## YOUR INSTRUCTIONS
Exactly reproduce the line containing "El Top Halter" and all later lines to the end of the entries, leaving the pictures out of your copy.

(Entries taken from a collection)
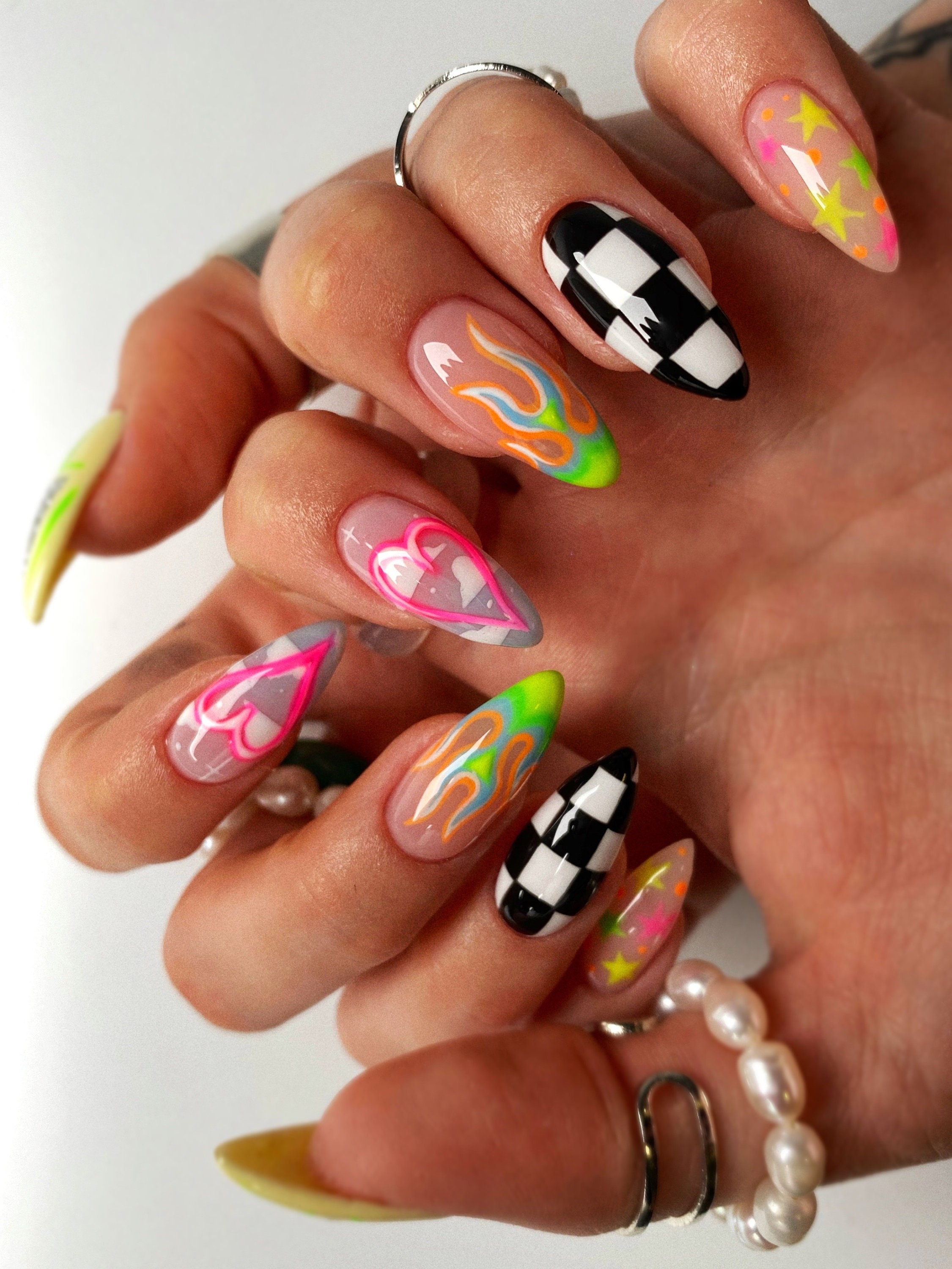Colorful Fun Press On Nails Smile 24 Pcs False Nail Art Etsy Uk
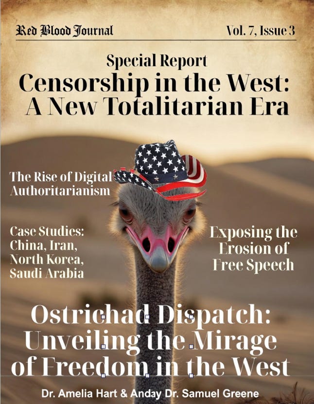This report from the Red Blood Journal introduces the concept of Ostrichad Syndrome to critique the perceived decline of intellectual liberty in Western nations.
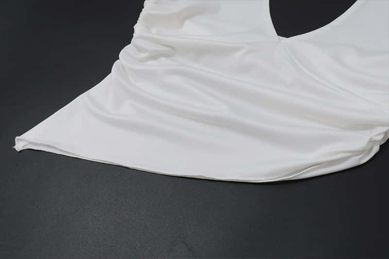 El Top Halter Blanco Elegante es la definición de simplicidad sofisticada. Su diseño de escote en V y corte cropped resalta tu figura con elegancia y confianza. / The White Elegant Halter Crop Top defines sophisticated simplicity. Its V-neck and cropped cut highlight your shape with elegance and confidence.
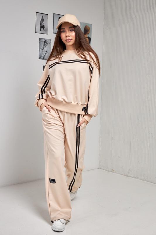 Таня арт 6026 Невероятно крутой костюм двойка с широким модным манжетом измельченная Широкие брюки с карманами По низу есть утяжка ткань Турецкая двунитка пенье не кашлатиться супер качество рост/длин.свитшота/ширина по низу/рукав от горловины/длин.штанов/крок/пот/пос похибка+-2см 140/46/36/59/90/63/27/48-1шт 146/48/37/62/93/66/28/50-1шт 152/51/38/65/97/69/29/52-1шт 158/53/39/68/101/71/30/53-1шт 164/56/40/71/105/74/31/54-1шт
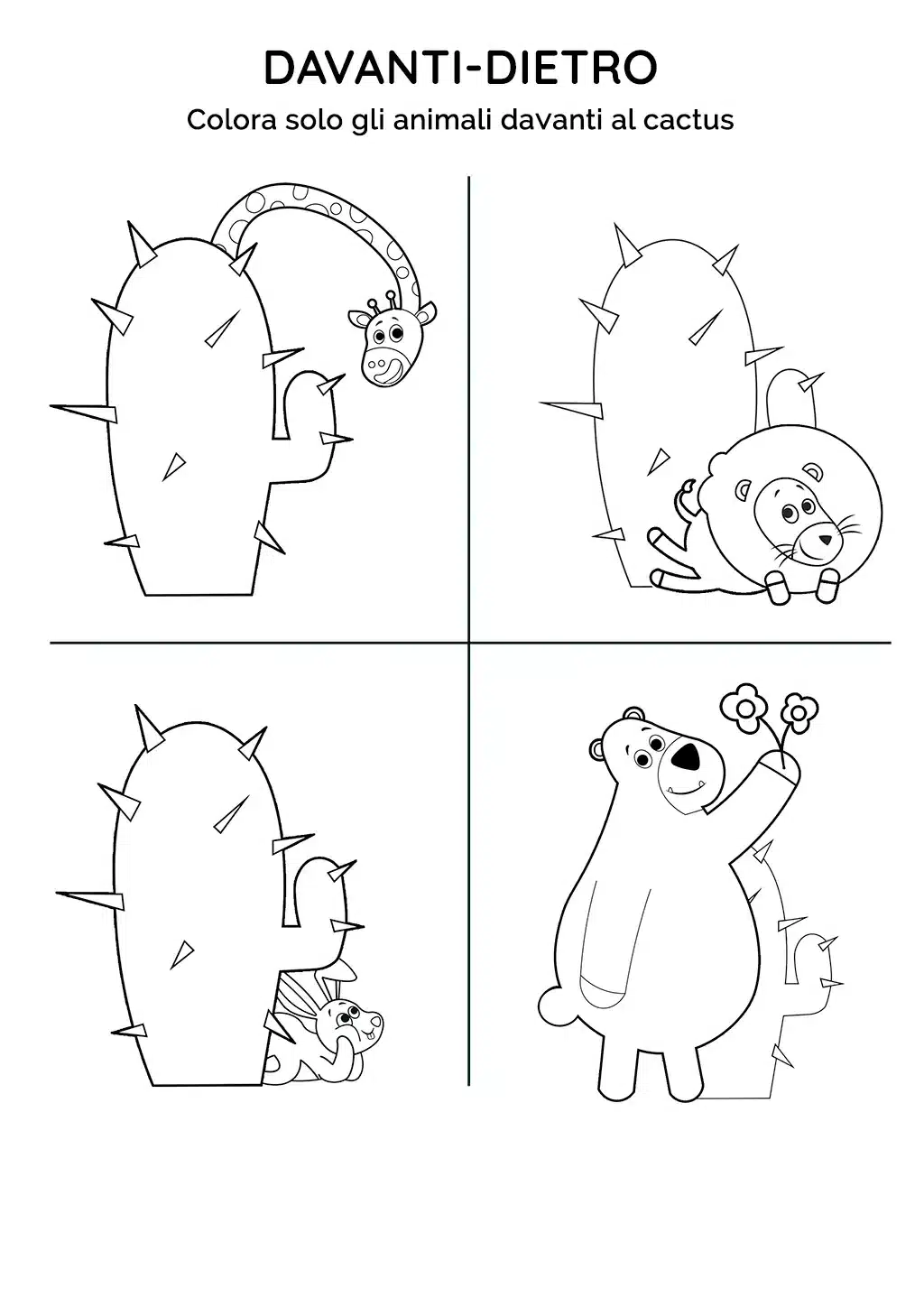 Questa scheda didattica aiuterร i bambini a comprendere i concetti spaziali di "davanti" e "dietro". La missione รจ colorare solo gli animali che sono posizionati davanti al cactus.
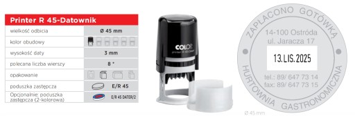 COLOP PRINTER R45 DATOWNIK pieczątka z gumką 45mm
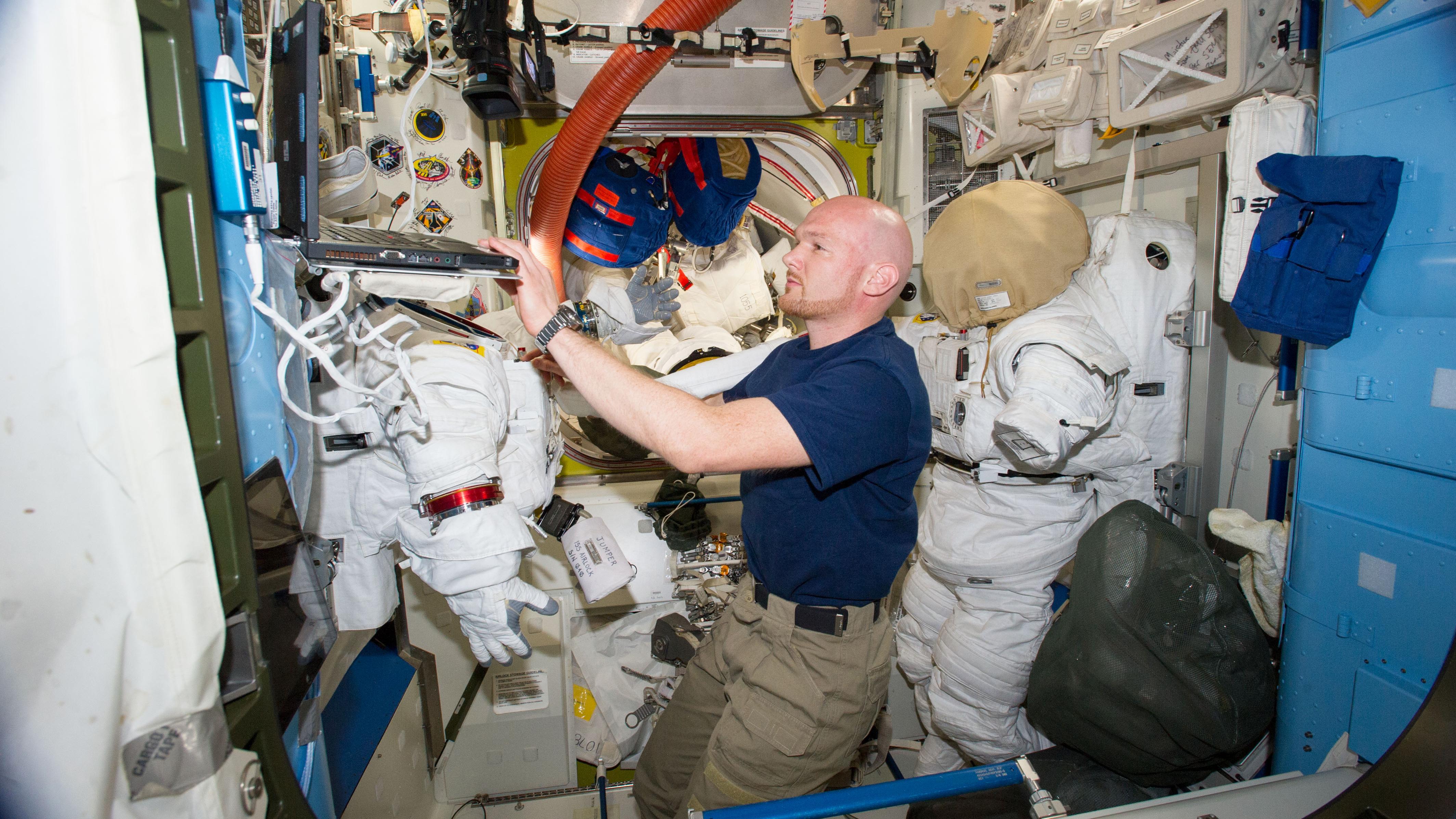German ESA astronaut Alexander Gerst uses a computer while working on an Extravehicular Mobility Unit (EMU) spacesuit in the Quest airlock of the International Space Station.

## RESPONSE FOR THIS EXERCISE
 El Top Halter Blanco Elegante es la definición de simplicidad sofisticada. Su diseño de escote en V y corte cropped resalta tu figura con elegancia y confianza. / The White Elegant Halter Crop Top defines sophisticated simplicity. Its V-neck and cropped cut highlight your shape with elegance and confidence.
 Таня арт 6026 Невероятно крутой костюм двойка с широким модным манжетом измельченная Широкие брюки с карманами По низу есть утяжка ткань Турецкая двунитка пенье не кашлатиться супер качество рост/длин.свитшота/ширина по низу/рукав от горловины/длин.штанов/крок/пот/пос похибка+-2см 140/46/36/59/90/63/27/48-1шт 146/48/37/62/93/66/28/50-1шт 152/51/38/65/97/69/29/52-1шт 158/53/39/68/101/71/30/53-1шт 164/56/40/71/105/74/31/54-1шт
 Questa scheda didattica aiuterร i bambini a comprendere i concetti spaziali di "davanti" e "dietro". La missione รจ colorare solo gli animali che sono posizionati davanti al cactus.
 COLOP PRINTER R45 DATOWNIK pieczątka z gumką 45mm
German ESA astronaut Alexander Gerst uses a computer while working on an Extravehicular Mobility Unit (EMU) spacesuit in the Quest airlock of the International Space Station.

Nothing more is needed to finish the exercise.